### WHAT IS BEING ASKED
Your task is to transcribe all the entries exactly, excluding pictures.

### PROVIDED DATA
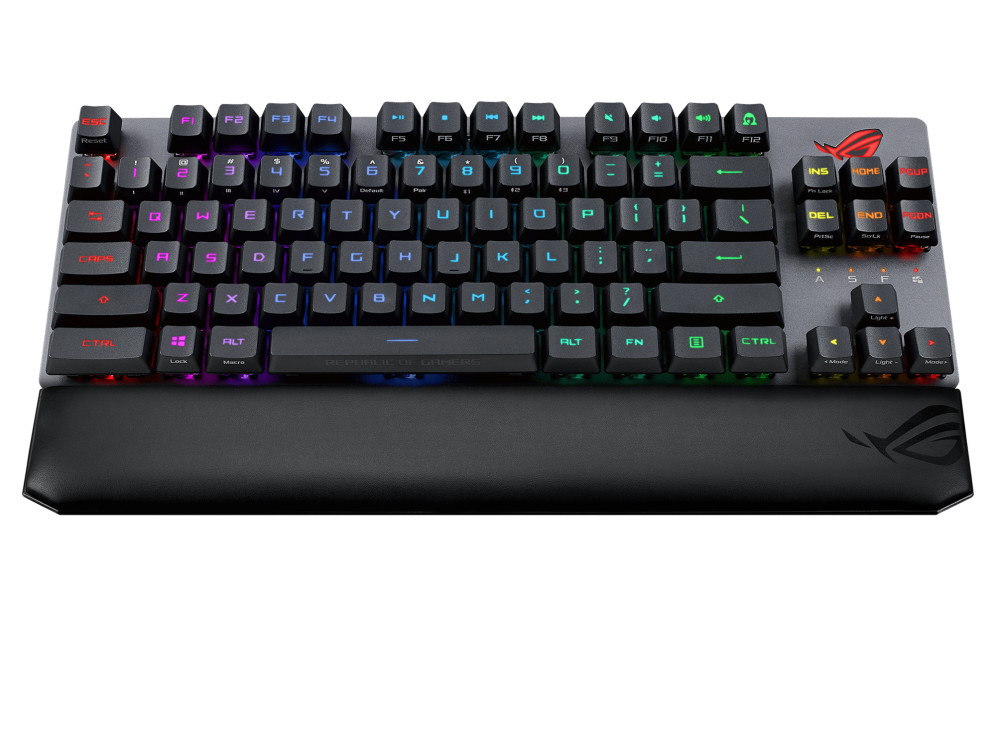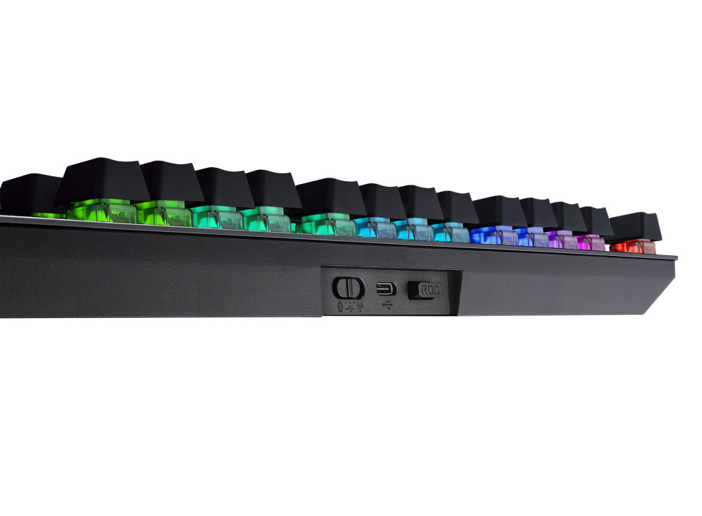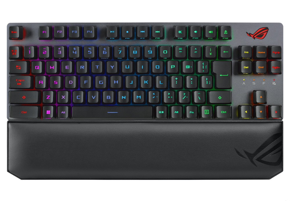 トライモード接続、ROG RX光学メカニカルスイッチ、幅広のCtrlキー、Aura Sync RGB、磁気リストレスト、合金トッププレート
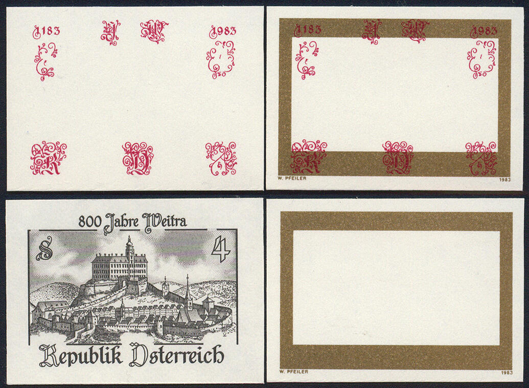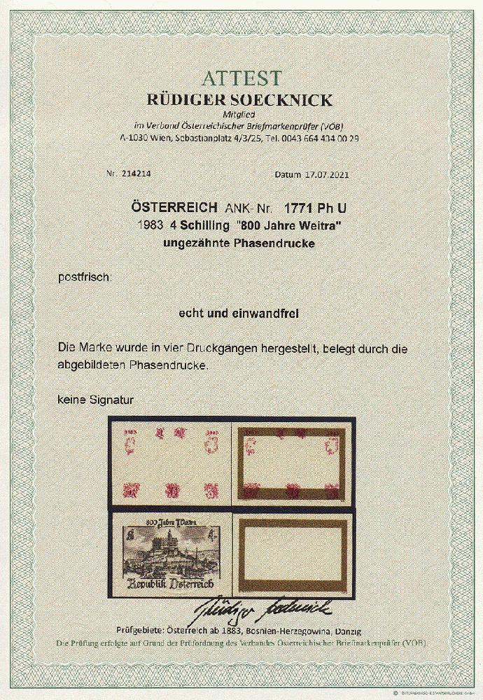| Zusatzinformationen und Suchstichworte: | 11. Auktion Stilus Auktionstermin: 5. Juni 2022 Los 158 Österreich 2. Republik Österreich, 1983, ANK-Nr.: 1771 Ph U (Michel-Nr.: 1740), '800 Jahre Weitra', 4 Schilling, ungezähnte Phasendrucke (4), postfrisch **, einwandfreie Erhaltung, Attest Soecknick VÖB Ausruf 100,00 EUR |
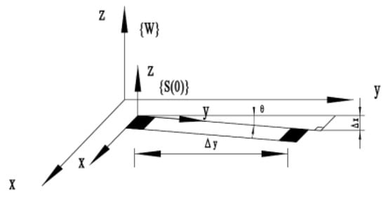 The system parameter WTS(0) is the transform matrix between {S(0)} and {W}.The coordinate frame {S(0)} is established on the calibration target, as shown in Figure 5. The origin of {S(0)} is a corner point of the rectangular calibration target. The x-axis and the y-axis are the sides of the calibration target. The vertical direction of the calibration target is the z-axis. The calibration target is placed on the x-y surface of the {W}. Since the calibration target is thin enough, it can be considered that the x-y surfaces of {W} and {S(0)} are on the same plane. There are only three independent variables in the transform matrix WTS(0), including two translation variables and one rotation variable. It can be described as:
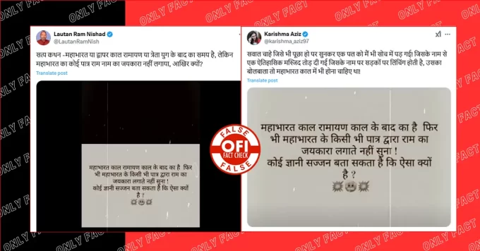 सोशल मीडिया पर एक वीडियो क्लिप वायरल कर दावा किया जा रहा है कि ‘महाभारत काल रामायण काल के बाद का है फिर...
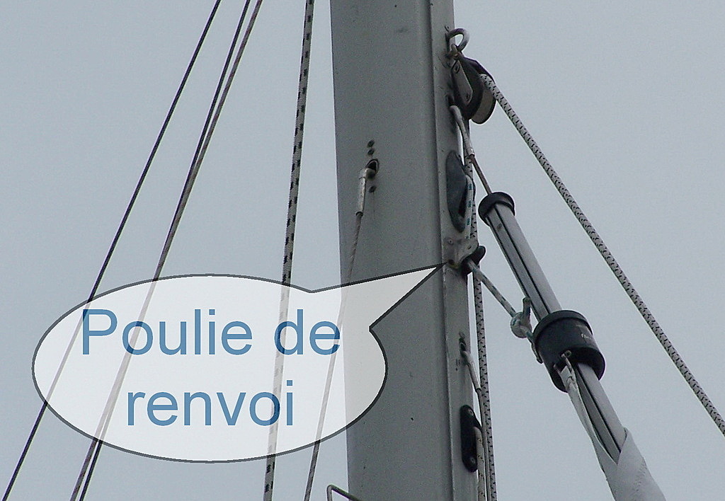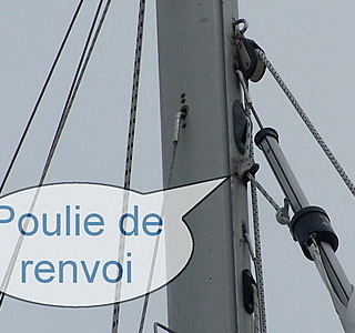 C'est vrai que c'est mieux avec un poulie de renvoi, il y en a de speciale en 2 parties a insérer dans une saignée a faire dans le mat, et a riveter ,
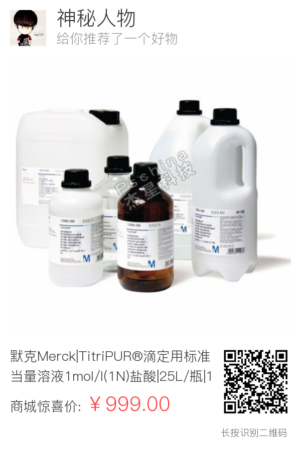默克Merck|TitriPUR®滴定用标准当量溶液1mol/l(1N)盐酸|25L/瓶|1.09970.9025|ME1099709025|7647-01-0
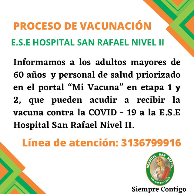 San Juan del Cesar: Hospital Regional San Rafael invita a personas mayores de 60 años a recibir su vacuna contra covid 19
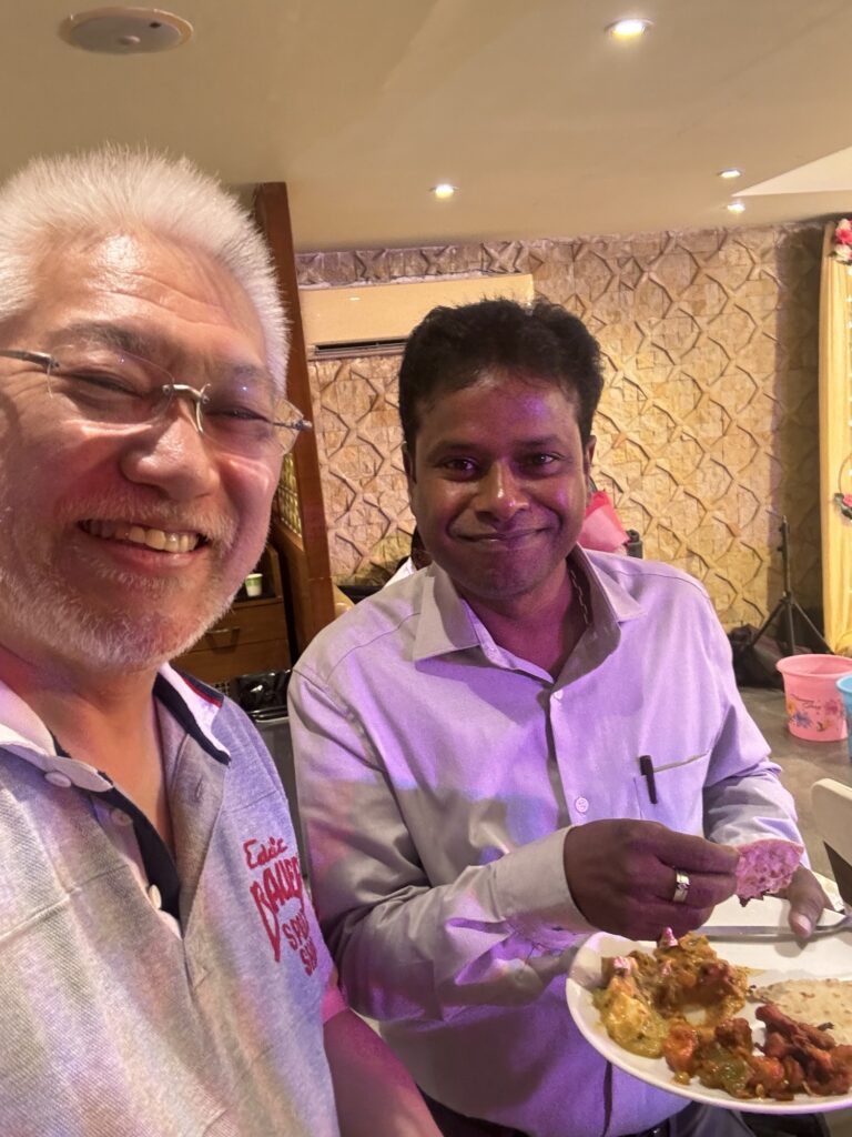 仲良しのチェンナイの元同僚でお得意様の重役のRavi Chandと。牛肉食えないのに吉野家の牛丼だけは食えるお茶目なやつです。
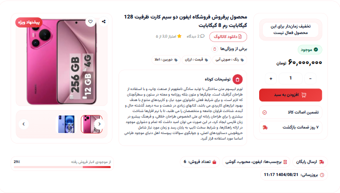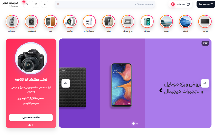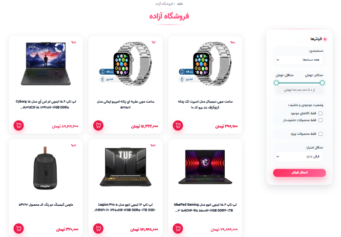 بهترین انتخاب برای فروشگاههای واقعی: تم قرمز/سفید/مشکی، طراحی مدرن، تجربه خرید روان، ساختار تمیز برای توسعه و سرعت بالا.
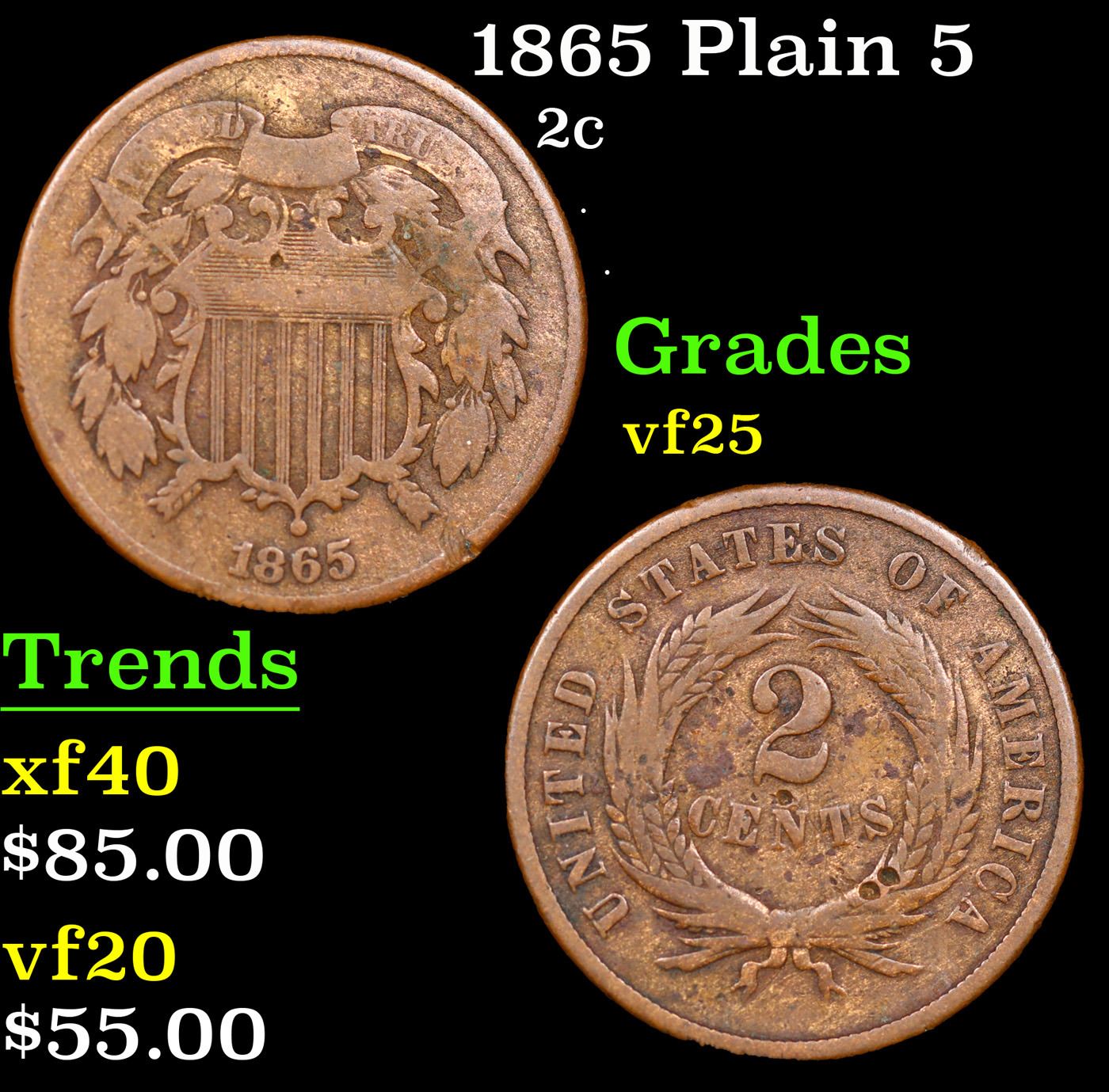 1865 plain 5 Two Cent Piece 2c Grades vf+.

### REPLY
 トライモード接続、ROG RX光学メカニカルスイッチ、幅広のCtrlキー、Aura Sync RGB、磁気リストレスト、合金トッププレート
| Zusatzinformationen und Suchstichworte: | 11. Auktion Stilus Auktionstermin: 5. Juni 2022 Los 158 Österreich 2. Republik Österreich, 1983, ANK-Nr.: 1771 Ph U (Michel-Nr.: 1740), '800 Jahre Weitra', 4 Schilling, ungezähnte Phasendrucke (4), postfrisch **, einwandfreie Erhaltung, Attest Soecknick VÖB Ausruf 100,00 EUR |
 The system parameter WTS(0) is the transform matrix between {S(0)} and {W}.The coordinate frame {S(0)} is established on the calibration target, as shown in Figure 5. The origin of {S(0)} is a corner point of the rectangular calibration target. The x-axis and the y-axis are the sides of the calibration target. The vertical direction of the calibration target is the z-axis. The calibration target is placed on the x-y surface of the {W}. Since the calibration target is thin enough, it can be considered that the x-y surfaces of {W} and {S(0)} are on the same plane. There are only three independent variables in the transform matrix WTS(0), including two translation variables and one rotation variable. It can be described as:
 सोशल मीडिया पर एक वीडियो क्लिप वायरल कर दावा किया जा रहा है कि ‘महाभारत काल रामायण काल के बाद का है फिर...
 C'est vrai que c'est mieux avec un poulie de renvoi, il y en a de speciale en 2 parties a insérer dans une saignée a faire dans le mat, et a riveter ,
默克Merck|TitriPUR®滴定用标准当量溶液1mol/l(1N)盐酸|25L/瓶|1.09970.9025|ME1099709025|7647-01-0
 San Juan del Cesar: Hospital Regional San Rafael invita a personas mayores de 60 años a recibir su vacuna contra covid 19
 仲良しのチェンナイの元同僚でお得意様の重役のRavi Chandと。牛肉食えないのに吉野家の牛丼だけは食えるお茶目なやつです。
 بهترین انتخاب برای فروشگاههای واقعی: تم قرمز/سفید/مشکی، طراحی مدرن، تجربه خرید روان، ساختار تمیز برای توسعه و سرعت بالا.
 1865 plain 5 Two Cent Piece 2c Grades vf+.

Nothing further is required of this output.